:: Given data ::
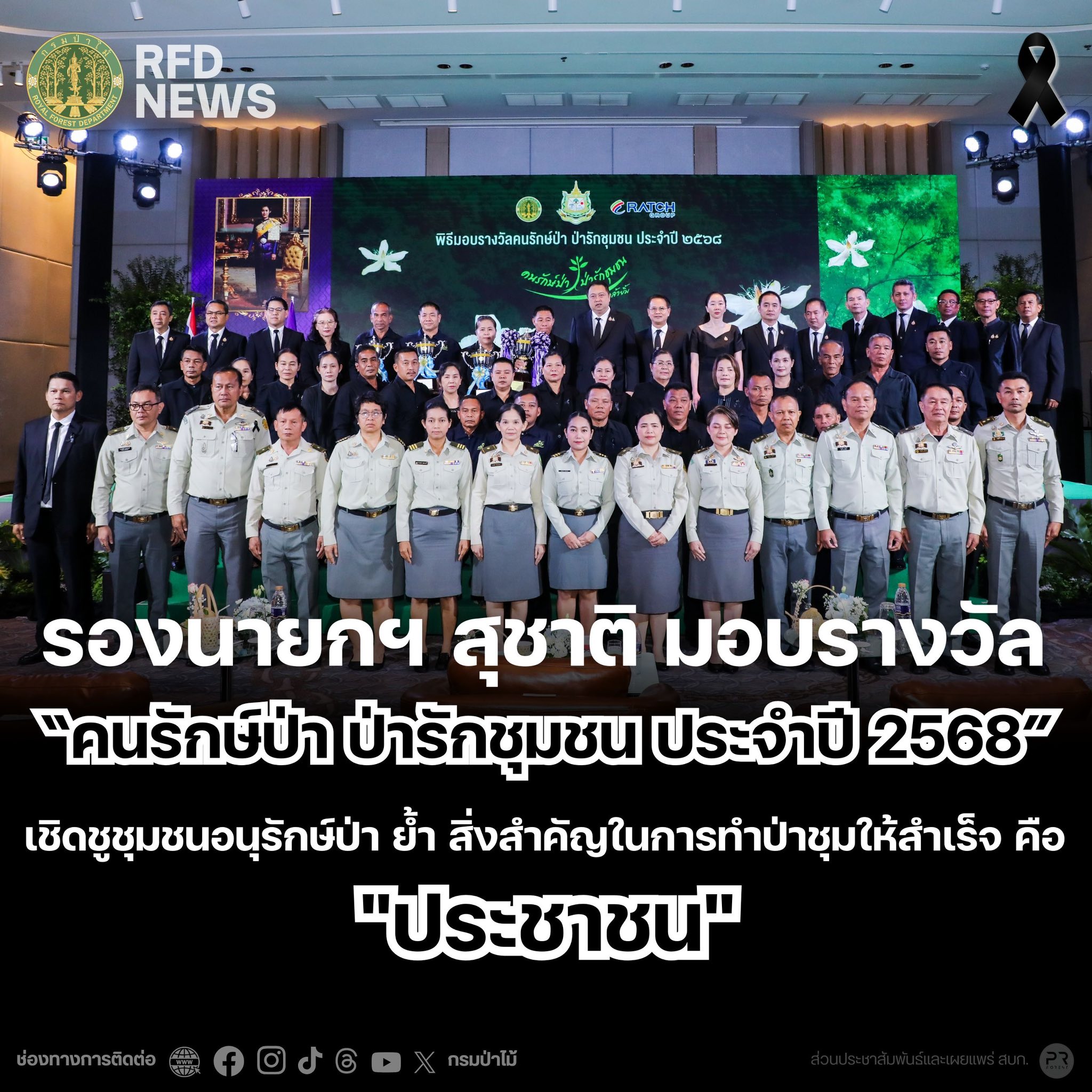 รองนายกฯ สุชาติ มอบรางวัล “คนรักษ์ป่า ป่ารักชุมชน ประจำปี 2568” เชิดชูชุมชนอนุรักษ์ป่า ย้ำ สิ่งสำคัญในการทำป่าชุมให้สำเร็จ คือ “ประชาชน”
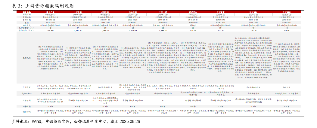 对比这9只指数的编制特点,1)选股范围均为A股。2)成分股数量普遍在50只及以内。3)样本的选取关注业务范围、日均总市值、日均成交额等。4)均设置了单个样本权重限制或其他权重限制。上证资源单个样本权重限制为5%,中证煤炭和中证钢铁单个样本权重限制为10%,稀土产业的单个权重样本、内地资源和国证钢铁的单个样本的权重限制均为15%,A股资源为二级行业内所有样本权重相等(二级行业间按自由流通市值加权),煤炭等权要求所有样本权重相等。此外,稀土产业的单个非权重样本不超5%(权重样本指过去一年在稀土开采、稀土加工、稀土贸易、稀土应用领域营业收入占比超过30%的上市公司)、国证钢铁要求前五大样本合计权重不超过60%。5)调样周期上,均为半年,实施时间为每年6月和12月的第二个星期五的下一交易日。
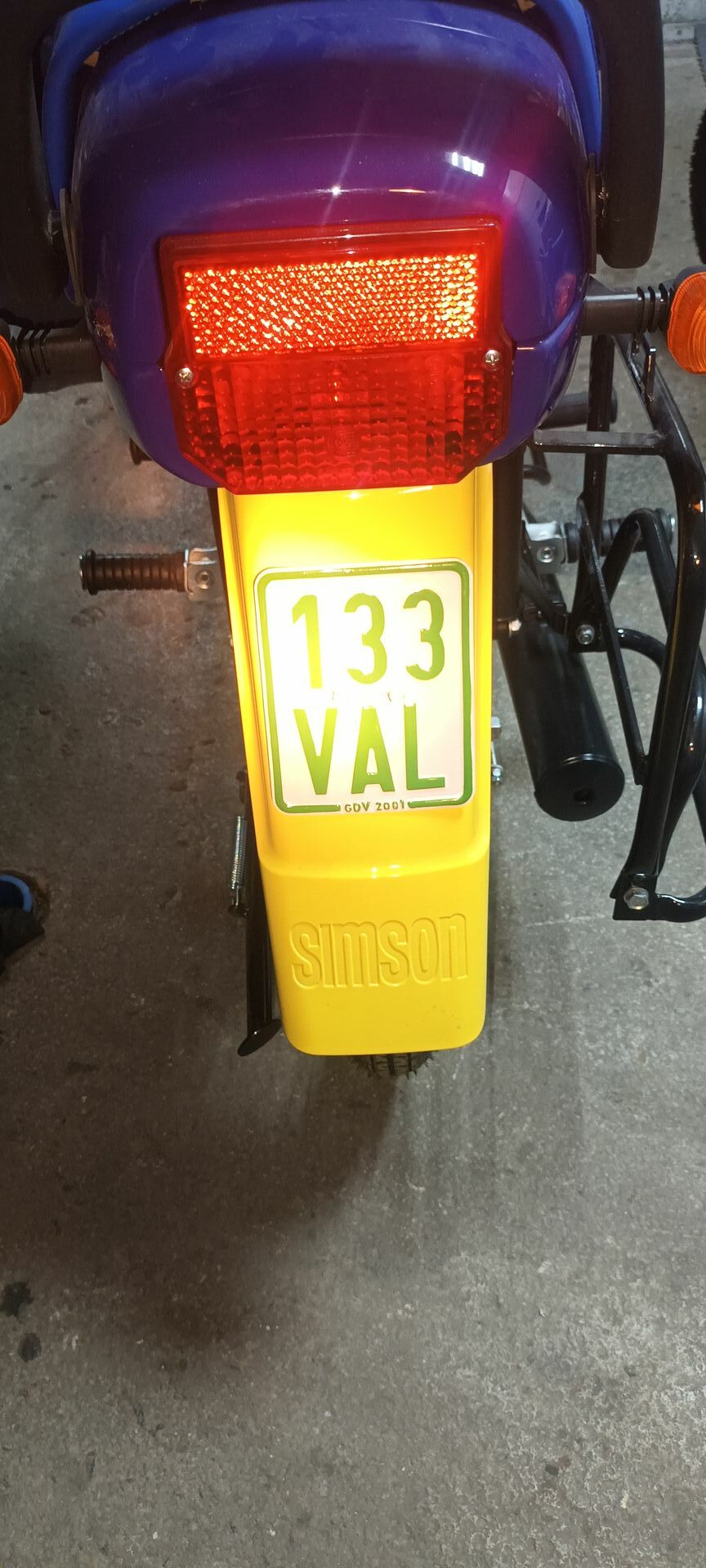 • Bei uns in Russland sind Mopeds und Mokiks nicht registriert, dementsprechend ist kein Nummernschild auf der Rückseite erforderlich. Aber um das ganze Bild zu ergänzen, habe ich beschlossen, auch die alte deutsche Nummer zu renovieren. Ich habe versucht, den Hintergrund mit reflektierendem Effekt neu zu erstellen.
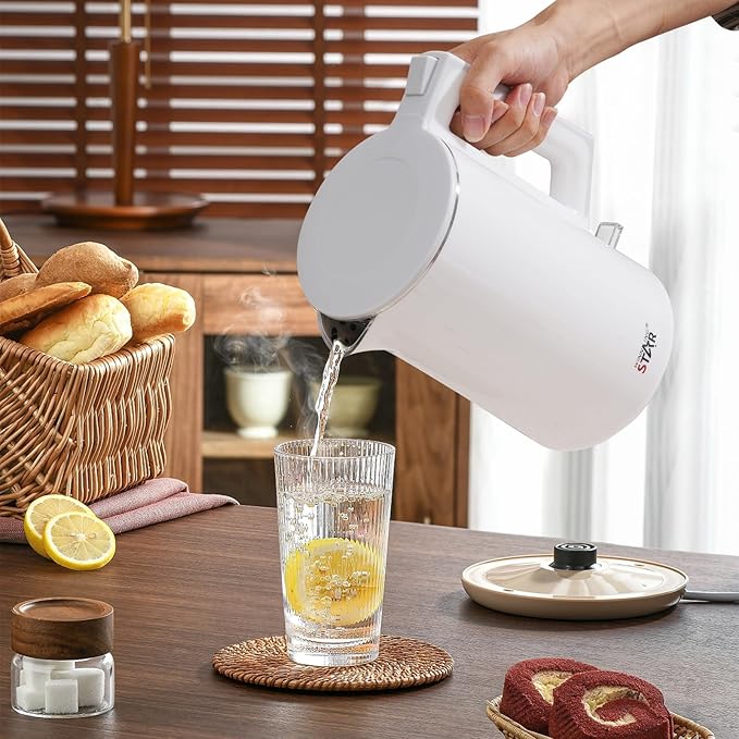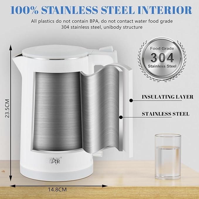 DVOSTRUKI ZIDNI DIZAJN - Spoljašnjost čajnika napravljena je od ABS materijala (bez BPA) kako bi se smanjio rizik od opekotina pri rukovanju posudom s prokuhanom vodom. Sigurniji je za starije i djecu. Takođe, duže zadržava vodu toplom.
:::
▶ Exercise directions
Restate the data word for word and exclude every picture.

▶ Result of the exercise
 รองนายกฯ สุชาติ มอบรางวัล “คนรักษ์ป่า ป่ารักชุมชน ประจำปี 2568” เชิดชูชุมชนอนุรักษ์ป่า ย้ำ สิ่งสำคัญในการทำป่าชุมให้สำเร็จ คือ “ประชาชน”
 对比这9只指数的编制特点,1)选股范围均为A股。2)成分股数量普遍在50只及以内。3)样本的选取关注业务范围、日均总市值、日均成交额等。4)均设置了单个样本权重限制或其他权重限制。上证资源单个样本权重限制为5%,中证煤炭和中证钢铁单个样本权重限制为10%,稀土产业的单个权重样本、内地资源和国证钢铁的单个样本的权重限制均为15%,A股资源为二级行业内所有样本权重相等(二级行业间按自由流通市值加权),煤炭等权要求所有样本权重相等。此外,稀土产业的单个非权重样本不超5%(权重样本指过去一年在稀土开采、稀土加工、稀土贸易、稀土应用领域营业收入占比超过30%的上市公司)、国证钢铁要求前五大样本合计权重不超过60%。5)调样周期上,均为半年,实施时间为每年6月和12月的第二个星期五的下一交易日。
 • Bei uns in Russland sind Mopeds und Mokiks nicht registriert, dementsprechend ist kein Nummernschild auf der Rückseite erforderlich. Aber um das ganze Bild zu ergänzen, habe ich beschlossen, auch die alte deutsche Nummer zu renovieren. Ich habe versucht, den Hintergrund mit reflektierendem Effekt neu zu erstellen.
 DVOSTRUKI ZIDNI DIZAJN - Spoljašnjost čajnika napravljena je od ABS materijala (bez BPA) kako bi se smanjio rizik od opekotina pri rukovanju posudom s prokuhanom vodom. Sigurniji je za starije i djecu. Takođe, duže zadržava vodu toplom.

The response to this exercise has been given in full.